Lack of Willpower Might Not Be to Blame When Diets Fail






You started the holiday season with resolve. You swore you’d steer clear of cookies and limit your cocktails to just one — two, tops. And you did, at first. But with each passing party, the call of the cookie tray and the open bar grew louder until, finally, you caved. By the time the new year rolled around, sweets — in the form of baked goods or sugary libations — had become part of your everyday diet. A few pounds later, you’re left wondering: How did I let this happen? Turns out, weak willpower isn’t completely to blame.

In a new paper published in Cognitive Neuroscience, researchers set out to see how the brain’s self-control and reward centers square off when they spot a food signal and how the pathway between those centers might affect your ability to abstain from temptation. To investigate this, they examined the white matter connections inside the minds of 36 women, ages 18–23, with a history of diet failures. They also measured their total body-fat percentages, which ranged between 16.6–38.2%.


At the start of the experiment, subjects were asked to watch a seven-minute video about Canadian bighorn sheep while trying to ignore words on screen that aimed to distract them. The point of the sheep flick was to get people to let their guard down so their reactions were more natural. Once the ladies loosened up a bit, they were ready for the real examination to begin.
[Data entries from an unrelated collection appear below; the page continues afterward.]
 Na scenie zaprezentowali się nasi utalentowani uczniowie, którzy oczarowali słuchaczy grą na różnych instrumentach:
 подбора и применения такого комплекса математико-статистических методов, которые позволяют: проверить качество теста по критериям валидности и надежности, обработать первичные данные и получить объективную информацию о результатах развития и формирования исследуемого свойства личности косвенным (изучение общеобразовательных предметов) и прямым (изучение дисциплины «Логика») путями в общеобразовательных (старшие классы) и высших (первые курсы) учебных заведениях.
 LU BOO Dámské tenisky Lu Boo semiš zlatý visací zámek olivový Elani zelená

Each woman was hooked up to a functional MRI machine and asked to look at a series of 270 pictures. Two-thirds of the photos were images of people or nature. The other 90 were shots of appetizing food. For every photo that appeared, the women were asked to mark whether it showed something indoors or outdoors. Their answers, however, weren’t what interested researchers, who were really out to monitor the fMRI recordings of their brain activity.
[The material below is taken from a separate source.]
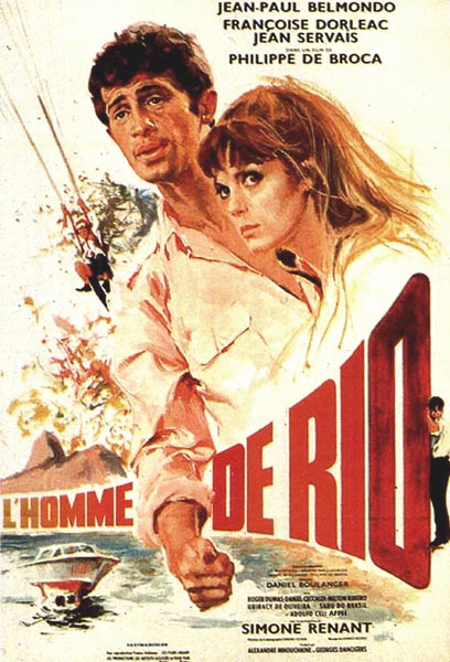 Revoir cette sublime chasse au trésor de Philippe De Broca rappelle tout ce que doit au cinéaste la saga Indiana Jones qui a elle-même servi de guide au genre d'aventure jusqu’à nos jours et l’arrivée des effets spéciaux. En 1964 De Broca est encore un tout jeune réalisateur qui après quelques comédies de mœurs avec Jean-Pierre Cassel vient de goûter au film populaire d’aventure avec « Cartouche » qui l’installe immédiatement dans le statut de metteur en scène à succès mais lui retire aussi tout crédit auprès de la critique intellectuelle de l’époque. Pourtant presque cinquante ans après les exploits de d’Antoine de Fourquet (Belmondo) et d’Agnès Villemosa (Françoise Dorléac), on ne peut qu’être admiratif devant tant d’ingéniosité, de modernité et de sens du rythme. L'homme de rio est l'incarnation des 60ies ! Une destination paradisiaque, des méchants en imper', borsalino et gants en cuir, une fille un peu cruche en robe courte qui fait la moue, et un Belmondo belmondiesque qui fait des cascades. Difficile aussi de ne pas faire le lien avec Tintin, tant les références (volontaire ou non) y sont nombreuses. Le scénario est un mélange de "l'oreille cassé" et du "temple du soleil", et on retrouve des scènes curieusement similaires (l'escalade sur le rebord de l’immeuble de "tintin en Amérique", le vol d'avion dans "les cigares du pharaon" et surtout les trois parchemins avec la fameuse phrase "de la lumière viendra la lumière" du "secret de la licorne"). Le film est un bon cocktail d'aventure et d'humour. On passe un bon moment malgré quelques passages un peu plus longuets en milieu de parcours . Le casting est parfait avec notamment Jean Paul Belmondo qui est parfait dans le rôle d' Adrien ce type qui va se démener comme un dingue pour tenter de ramener sa fiancée Agnès incarnée par la charmante Françoise Dorléac . On prend plaisir à suivre cette comédie d'aventure dans de beau décors et paysages brésiliens où le dépaysement est assuré . Une comédie d'aventure toujours agréable à voir même si elle à plus de 50 ans et contient un charme désuet pas désagréable . J'aime ce film parce que le peu de Paris qu'on y voit est beau, la musique est enlevée, Belmondo et Dorléac sont (très) attachants, l'humour, décalé et parfois grotesque, est omniprésent, l'aventure est sympathique, et les plans de Rio sont magnifiques. En clair, ce film me fait voyager, m'emporte très très loin, au Brésil. Ce pays est si bien montré dans ce film entre Rio, la jungle et Brasilia en cours de construction (plans magnifiques, et c'est peu dire, de cette ville), que j'ai envie de sauter dans l'avion et l'explorer comme un aventurier, comme Adrien le fait. Savoir si Broca a fait ce film de la façon pour laquelle je l'aime est impossible. On a rarement vu dans le cinéma français un film aussi dépaysant, amusant, bourré de charme et jubilatoire. Le couple Jean-Paul Belmondo / Françoise Dorléac est resplendissant de jeunesse, d'énergie et de fougue. Le scénario co-écrit par Jean-Paul Rappeneau, Ariane Mnouchkine, Daniel Boulanger et Philippe de Broca est tour à tour surprenant, hilarant, inquiétant...une véritable adaptation de Tintin au cinéma. Le cinéaste Philippe de Broca ne s'en est d'ailleurs jamais caché, le scénario est largement inspiré de celui de L'Oreille Cassée d'Hergé. Philippe de Broca trouvait en Belmondo son interprète idéal, qui ne se prenait pas au sérieux, casse-cou et véritable clown. Leur collaboration allait déboucher sur les plus grandes comédies populaires des années 60-70 en déclinant vers un non-sens, un pastiche, un surréalisme (dont l'apogée sera Le Magnifique) dont la comédie made-in-France de nos jours ferait bien de s'inspirer. L'Homme de Rio est devenu un Classique, un chef d'oeuvre du genre.

The researchers were primarily concerned with two areas in the brain: the orbitofrontal cortex, which is considered the reward region, and the inferior frontal gyrus, which is associated with self-control and decision making. Images of tantalizing food elicited a greater response from the reward region than the pictures of nature or people. That much was expected. Try as we might to appreciate beautiful scenery, our brains are hardwired to see edible delights as more rewarding. That makes sense on an evolutionary level — a breathtaking sunset won’t keep you alive when you’re starving.


While this feedback was a no-brainer, literally, what intrigued scientists more was the subjects’ responses from the control region of the brain. The IFG also showed heightened activity.

“One interpretation is that dieters are super aware of food cues in every instance,” study author Pin-Hao Andy Chen, a doctoral candidate in cognitive neuroscience at Dartmouth College, explained in an email. “They have to constantly regulate (inhibit and monitor) their desires to appetitive food cues in daily life.”

So essentially, in the brains of chronic dieters, food prompted two responses simultaneously. The reward part of their mind was saying “Ooh, good! Eat!” Meanwhile the control part was saying “Nooo! Don’t do it!” If that sounds exhausting — like the brain is arguing with itself — that’s because it is. And there’s a limit on how long the “don’t do it!” section can win. Self-regulation is a limited resource.

“When [dieters] keep doing this, they become more vulnerable to lose control because their regulation resource has been drained,” Chen says.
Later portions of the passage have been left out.